Records:

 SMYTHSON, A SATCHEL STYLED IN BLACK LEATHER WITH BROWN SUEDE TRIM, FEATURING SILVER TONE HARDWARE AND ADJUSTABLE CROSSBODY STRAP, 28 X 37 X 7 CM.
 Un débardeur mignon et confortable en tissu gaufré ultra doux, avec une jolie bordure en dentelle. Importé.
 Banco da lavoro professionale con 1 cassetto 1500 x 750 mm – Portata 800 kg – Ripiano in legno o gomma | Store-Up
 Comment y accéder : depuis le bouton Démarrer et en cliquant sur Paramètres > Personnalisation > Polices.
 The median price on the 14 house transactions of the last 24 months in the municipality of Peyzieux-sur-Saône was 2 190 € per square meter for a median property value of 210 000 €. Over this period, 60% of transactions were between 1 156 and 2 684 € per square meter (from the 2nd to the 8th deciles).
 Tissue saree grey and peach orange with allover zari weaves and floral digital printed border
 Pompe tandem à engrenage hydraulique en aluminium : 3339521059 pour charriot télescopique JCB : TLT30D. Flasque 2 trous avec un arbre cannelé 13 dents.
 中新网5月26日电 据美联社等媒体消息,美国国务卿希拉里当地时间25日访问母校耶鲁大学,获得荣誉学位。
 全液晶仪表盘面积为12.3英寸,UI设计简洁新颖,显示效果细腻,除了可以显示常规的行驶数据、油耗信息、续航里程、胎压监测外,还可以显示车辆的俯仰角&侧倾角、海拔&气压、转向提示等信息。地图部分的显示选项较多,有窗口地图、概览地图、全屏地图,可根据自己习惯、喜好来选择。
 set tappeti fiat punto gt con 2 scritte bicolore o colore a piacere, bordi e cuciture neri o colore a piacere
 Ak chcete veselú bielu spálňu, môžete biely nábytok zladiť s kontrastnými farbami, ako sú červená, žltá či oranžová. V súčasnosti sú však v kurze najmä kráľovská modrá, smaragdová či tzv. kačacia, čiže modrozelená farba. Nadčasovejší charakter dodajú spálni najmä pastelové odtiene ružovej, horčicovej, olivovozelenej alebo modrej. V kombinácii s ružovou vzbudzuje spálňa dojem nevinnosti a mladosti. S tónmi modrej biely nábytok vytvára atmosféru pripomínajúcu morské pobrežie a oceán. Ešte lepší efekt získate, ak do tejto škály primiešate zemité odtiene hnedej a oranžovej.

Aim of the exercise:
All lines from the start of the entries through the line where "set tappeti fiat" sits should be duplicated exactly, with nothing else in the output.

Solution for this task:
 SMYTHSON, A SATCHEL STYLED IN BLACK LEATHER WITH BROWN SUEDE TRIM, FEATURING SILVER TONE HARDWARE AND ADJUSTABLE CROSSBODY STRAP, 28 X 37 X 7 CM.
 Un débardeur mignon et confortable en tissu gaufré ultra doux, avec une jolie bordure en dentelle. Importé.
 Banco da lavoro professionale con 1 cassetto 1500 x 750 mm – Portata 800 kg – Ripiano in legno o gomma | Store-Up
 Comment y accéder : depuis le bouton Démarrer et en cliquant sur Paramètres > Personnalisation > Polices.
 The median price on the 14 house transactions of the last 24 months in the municipality of Peyzieux-sur-Saône was 2 190 € per square meter for a median property value of 210 000 €. Over this period, 60% of transactions were between 1 156 and 2 684 € per square meter (from the 2nd to the 8th deciles).
 Tissue saree grey and peach orange with allover zari weaves and floral digital printed border
 Pompe tandem à engrenage hydraulique en aluminium : 3339521059 pour charriot télescopique JCB : TLT30D. Flasque 2 trous avec un arbre cannelé 13 dents.
 中新网5月26日电 据美联社等媒体消息,美国国务卿希拉里当地时间25日访问母校耶鲁大学,获得荣誉学位。
 全液晶仪表盘面积为12.3英寸,UI设计简洁新颖,显示效果细腻,除了可以显示常规的行驶数据、油耗信息、续航里程、胎压监测外,还可以显示车辆的俯仰角&侧倾角、海拔&气压、转向提示等信息。地图部分的显示选项较多,有窗口地图、概览地图、全屏地图,可根据自己习惯、喜好来选择。
 set tappeti fiat punto gt con 2 scritte bicolore o colore a piacere, bordi e cuciture neri o colore a piacere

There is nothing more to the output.